Looking back on his trajectory, O'Brien called his segue into the classroom "natural," especially coming from a family with a history of teaching, dating back to his great-grandfather.
"I always enjoyed school as a student and always had some amazing teachers that made a difference in terms of sparking my interest in school and different subjects," he said. "I knew I was going to go to college, so I always had a career path in continuing my own personal education."
O'Brien first considered teaching as a career during college when he was working at a sleep-away camp in New Hampshire.
"I really enjoyed working with kids and influencing them and getting to know them and always thought teaching would be a real natural career for me because of my personality and my way of working with kids. I always put that on the back shelf as another possibility," O'Brien said.

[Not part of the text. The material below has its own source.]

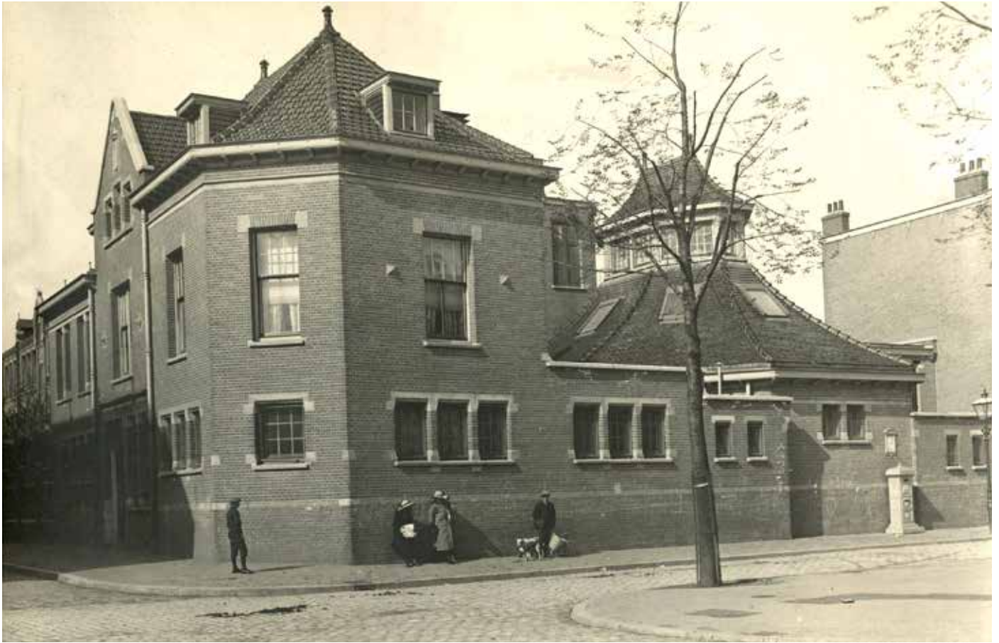
Het badhuis op de hoek Nieuwe Haven en Nieuwe Havendwarstraat in 1910.

Aan het einde van de 20ste eeuw groeide Den Haag flink. Het aantal inwoners verdubbelde van 100.000 in 1875 naar 200.000 in 1900. De industrialisatie, bloeiperiode voor ondernemingen zoals ijzergieterij Van Enthoven en de Prins van Oranje, zorgden voor veel werkgelegenheid in de Rivierenbuurt. Vooral jonge gezinnen en vrijgezellen trokken naar de stad om een nieuw bestaan op te bouwen. De komst van al deze jonge mensen zorgde weer voor een flinke stijging in het aantal geboortes.

A few years later, O'Brien was participating in a company-wide volunteer day while working for Paramount Pictures that rekindled his dormant interest in education. "Working with the kids in the classroom, donating my time, I realized I really enjoyed it much more than what I was doing," he added.
O'Brien made a decision to completely stop his career in television and film and came back to the Bay Area to get his teaching credential from Dominican College in San Rafael. He then applied to teaching positions with a number of school districts, but PUSD wasn't one of them.

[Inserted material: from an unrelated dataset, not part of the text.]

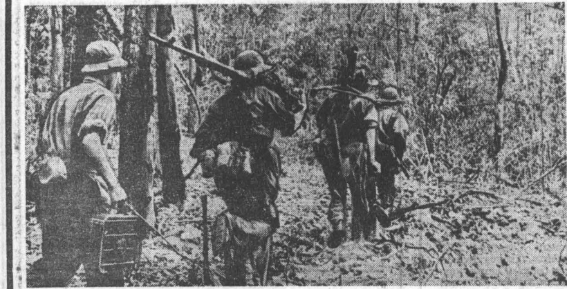
● ЮЖНЫЙ ВЬЕТНАМ. Бойцы Народных вооруженных сил освобождения Южного Вьетнама в походе.

"The funniest part is I personally didn't apply to Pleasanton," O'Brien said. "I was living with my grandmother in the city and taking care of her while I went back to school ... and when it came time to apply to positions, it was the old send in the mail, it wasn't electronic.
"I was getting ready to go to the post office with about eight applications and noticed that day was the due day for Pleasanton Unified and so I thought if I mailed it, it's not going to get there in time, so I purposely didn't mail that one, I left it on the kitchen table," he continued.
"My grandmother thought I'd dropped it and she put a stamp on it and gave it to the mailman, so it was out of sight, out of mind for me. When Pleasanton called me up for a job interview, I said, 'I didn't apply to you guys,' and they said, 'Well, we have your information right here so come on in for an interview,' and the rest was history -- so I owe that to my grandmother."
Since then, O'Brien has been a popular teacher and administrator during 21 years with the district, including five years teaching at Donlon Elementary and another 12 years in the classroom at Hearst Elementary.
He said he enjoyed the past four years at Pleasanton Middle, but likes his new school because "there's fewer students so I feel like I could almost focus more on the elementary kids."
O'Brien envisions creating "a place where kids are learning but that they love to come here to learn," but he also has another all-encompassing goal for the campus.
"You could say a goal like we're going to improve 5% more on the state test scores -- what does that really mean other than we're teaching kids as best we can," he said. "It has to be deeper than that -- are we reaching all the needs of our kids? Socially, emotionally, academically, behaviorally. The main goal is to focus on all those things collectively."